**Work instructions**
Transcribe, exactly and without pictures, the lines below from the line with "A vintage style" to the line with "濃濃中國風的紅色樓門,上面的", both ends included, and no others.

**Records for processing**
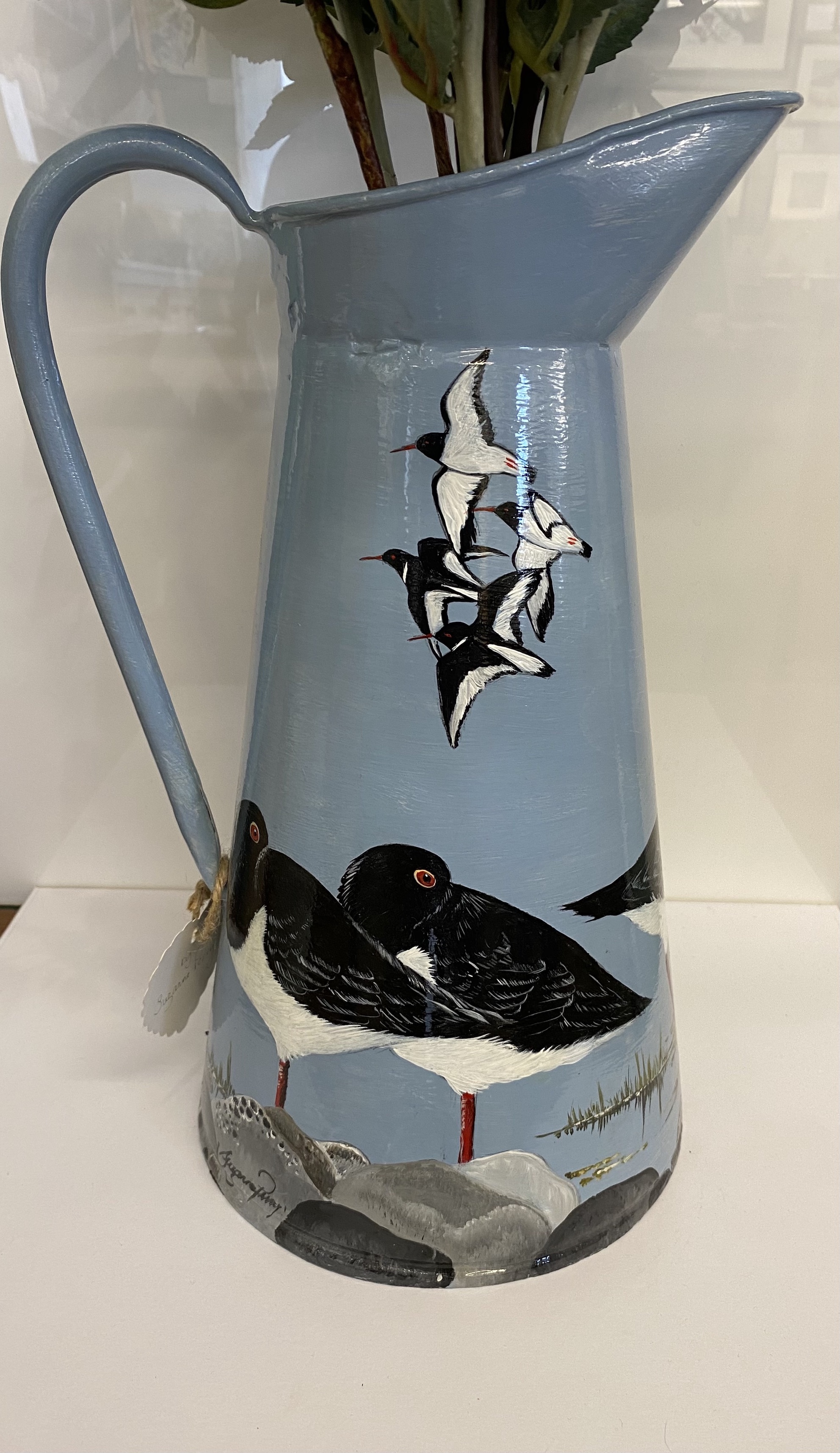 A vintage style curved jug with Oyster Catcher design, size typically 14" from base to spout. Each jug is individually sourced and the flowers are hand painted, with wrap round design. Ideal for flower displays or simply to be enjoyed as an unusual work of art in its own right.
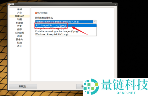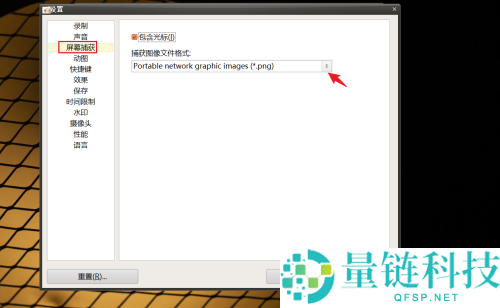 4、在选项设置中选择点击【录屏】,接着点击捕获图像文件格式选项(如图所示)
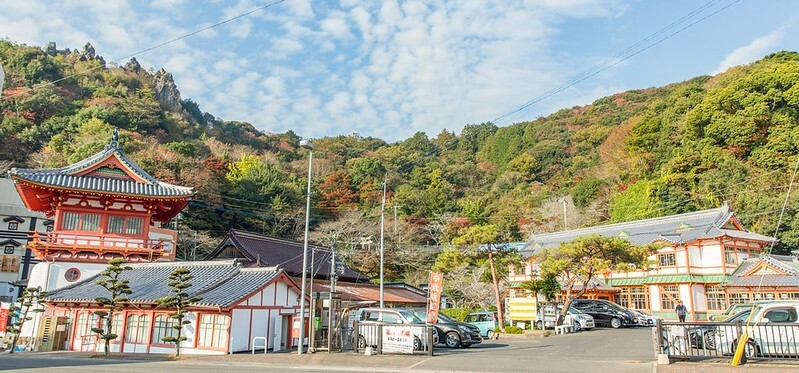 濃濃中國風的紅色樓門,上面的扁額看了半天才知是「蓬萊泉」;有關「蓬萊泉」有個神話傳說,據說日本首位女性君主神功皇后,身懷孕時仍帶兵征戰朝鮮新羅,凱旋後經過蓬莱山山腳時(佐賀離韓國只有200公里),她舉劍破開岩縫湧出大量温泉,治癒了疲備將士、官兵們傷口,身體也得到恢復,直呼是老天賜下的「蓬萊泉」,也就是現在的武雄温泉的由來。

==

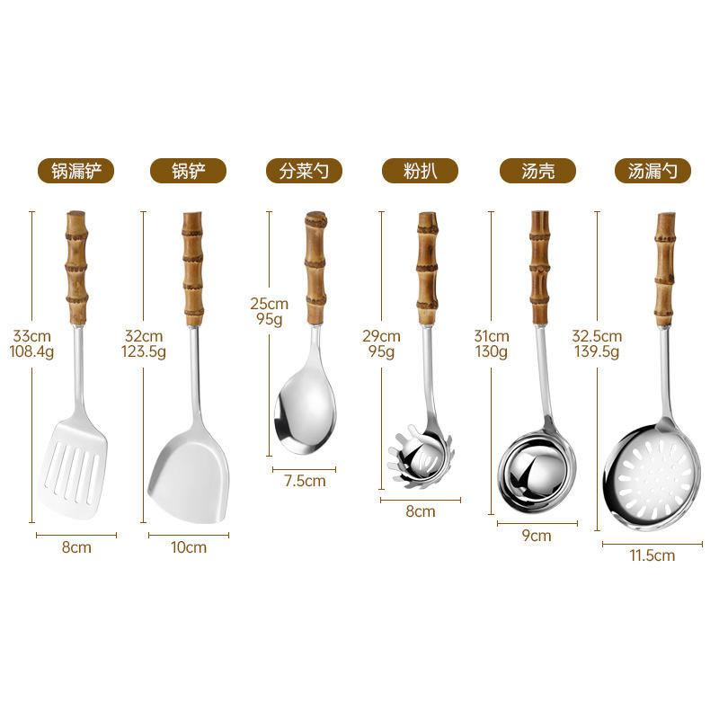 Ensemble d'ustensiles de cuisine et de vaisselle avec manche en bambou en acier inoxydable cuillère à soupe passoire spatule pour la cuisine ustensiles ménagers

---

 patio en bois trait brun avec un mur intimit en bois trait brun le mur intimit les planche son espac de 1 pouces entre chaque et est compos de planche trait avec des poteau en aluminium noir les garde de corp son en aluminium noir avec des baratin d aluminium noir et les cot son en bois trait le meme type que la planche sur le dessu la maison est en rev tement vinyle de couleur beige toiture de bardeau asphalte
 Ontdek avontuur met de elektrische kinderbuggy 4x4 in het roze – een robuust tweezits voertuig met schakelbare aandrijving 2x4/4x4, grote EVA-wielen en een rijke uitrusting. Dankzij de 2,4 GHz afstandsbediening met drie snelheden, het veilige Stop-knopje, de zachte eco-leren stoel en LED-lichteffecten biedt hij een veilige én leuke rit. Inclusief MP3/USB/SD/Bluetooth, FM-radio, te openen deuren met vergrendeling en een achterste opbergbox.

**Answer to this problem**
 A vintage style curved jug with Oyster Catcher design, size typically 14" from base to spout. Each jug is individually sourced and the flowers are hand painted, with wrap round design. Ideal for flower displays or simply to be enjoyed as an unusual work of art in its own right.
 4、在选项设置中选择点击【录屏】,接着点击捕获图像文件格式选项(如图所示)
 濃濃中國風的紅色樓門,上面的扁額看了半天才知是「蓬萊泉」;有關「蓬萊泉」有個神話傳說,據說日本首位女性君主神功皇后,身懷孕時仍帶兵征戰朝鮮新羅,凱旋後經過蓬莱山山腳時(佐賀離韓國只有200公里),她舉劍破開岩縫湧出大量温泉,治癒了疲備將士、官兵們傷口,身體也得到恢復,直呼是老天賜下的「蓬萊泉」,也就是現在的武雄温泉的由來。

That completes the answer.